Benchmarking fleet maintenance: Insights from Fleetio’s industry data

Fleetio’s data reveals maintenance cost disparities based on vehicle age and management practices, emphasizing the importance of planned maintenance and timely vehicle replacement.
March 4, 2026
4 min read

Key takeaways

  • The average fleet vehicle age is 6.4 years, with most vehicles owned outright and high mileage averaging nearly 140,000 miles.
  • Older vehicles incur significantly higher maintenance costs, with vehicles over 10 years old costing about $1.10 per mile to maintain.
  • A performance gap exists among fleets due to differences in maintenance practices, impacting downtime and overall operational costs.

How does your fleet stack up against your peers in the industry?
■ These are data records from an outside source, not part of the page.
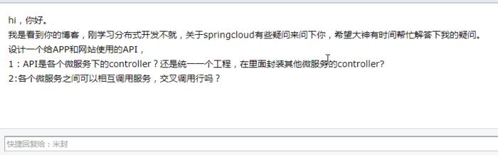 那么问题来了,涉及到多个服务之前的交互,其实跟上面那位同学问我的是一样的问题,是否需要统一工程,组装其他服务?是否可以相互调用?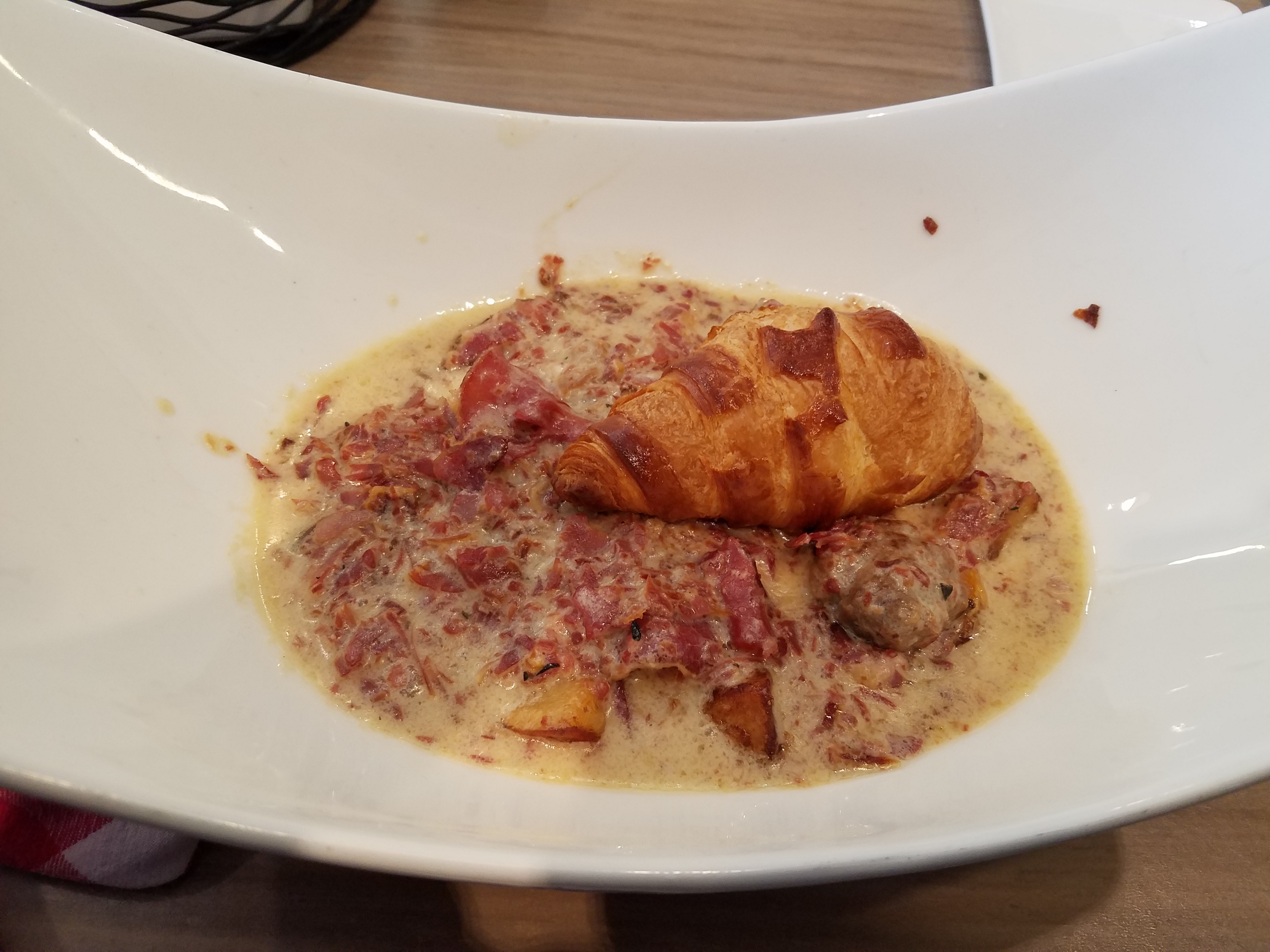 Tonight we had what would happen if you made a from-scratch baked macaroni & cheese but instead of macaroni you used brussels sprouts. We did this on purpose believe it or not, because it’s much lower calorie that way and that’s something we unfortunately have to be conscious of due to holiday binging.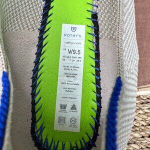 EUC Size 9 1/2 Tan and Cream weave A classic shoe with exceptional comfort, timeless design and washable style Kit from Rothy's signature thread (spun from plastic water bottles) Round toe Slip on Soft, flexible upper in a Tan and Cream weave Signature Blue halo at heels Tan and Cream stripes at heels Comfortable, Brown weave insoles with Pink contrast stitching Durable, rubber non-slip outsoles in Tan Machine washable Light discoloration on outsoles and outsole edges -- see pics 13 & 14 Faint soiling of insoles and light fuzziness to heels -- see pic 11 Minimal heel wear -- see pic 15 Approx measurements: Interior length (toe to heel): 10" Interior bridge width: 3"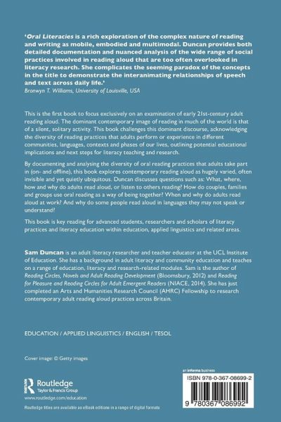 'Oral Literacies is a rich exploration of the complex nature of reading and writing as mobile, embodied, and multimodal. Duncan provides both detailed documentation and nuanced analysis of the wide range of social practices involved in reading aloud that are too often overlooked in literacy research. She complicates the seeming paradox of the concepts in the title to demonstrate the interanimating relationships of speech and text across daily life.'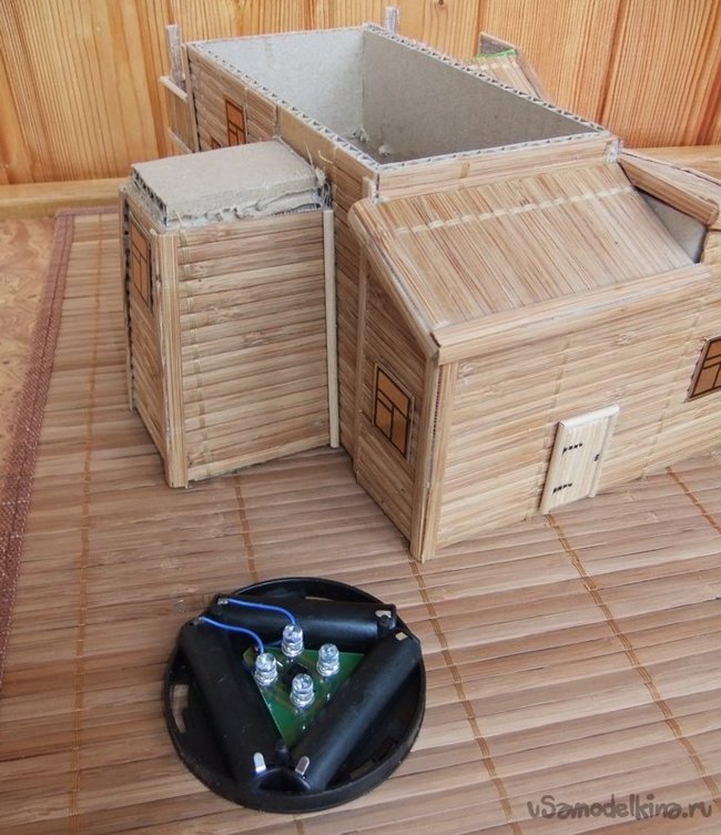 В прорезях здания и крыши установить окна из полупрозрачной пленки, в корпус здания положить светодиодный фонарь и закрыть крышей. Фонарь применен с автоматическим включением по мере наступления темноты. (от садовых фонарей со светорезистором)

A survey from transportation technology company Fleetio sought to determine a fleet management benchmark by taking a survey of more than 600 fleet leaders, both customers and non-customers, and by compiling anonymized fleet data within its network of 1.2 million connected assets.

FleetOwner recently published an analysis of the fleet leaders’ survey results here, focusing on the leaders’ perception of their fleet management operations. This piece, equally as insightful, will focus solely on the data of their operations, removing perceptions and opinions.

Benchmarking the industry's assets

FleetOwner has written about the sluggish trucking economy for years now, and the age of the average fleet vehicle within Fleetio’s entire connected network is a reflection of that at 6.4 years. These fleet leaders balance an aging fleet with “planned maintenance discipline” and make replacement decisions based on performance data, according to Fleetio.

Further, an overwhelming majority of the vehicles in these fleets are owned by the fleet, at 89%. Only 8% of these vehicles are leased, and 2% are rented. 

Most fleets run high-mileage vehicles, according to Fleetio data, with the average vehicle mileage nearly 140,000. Yet the data also shows that only a third of vehicles within Fleetio’s network have more than 100,000 miles, and the same is true for vehicles with fewer than 14,000 miles. The remaining third of vehicles have a mileage between 15,000 and 99,000.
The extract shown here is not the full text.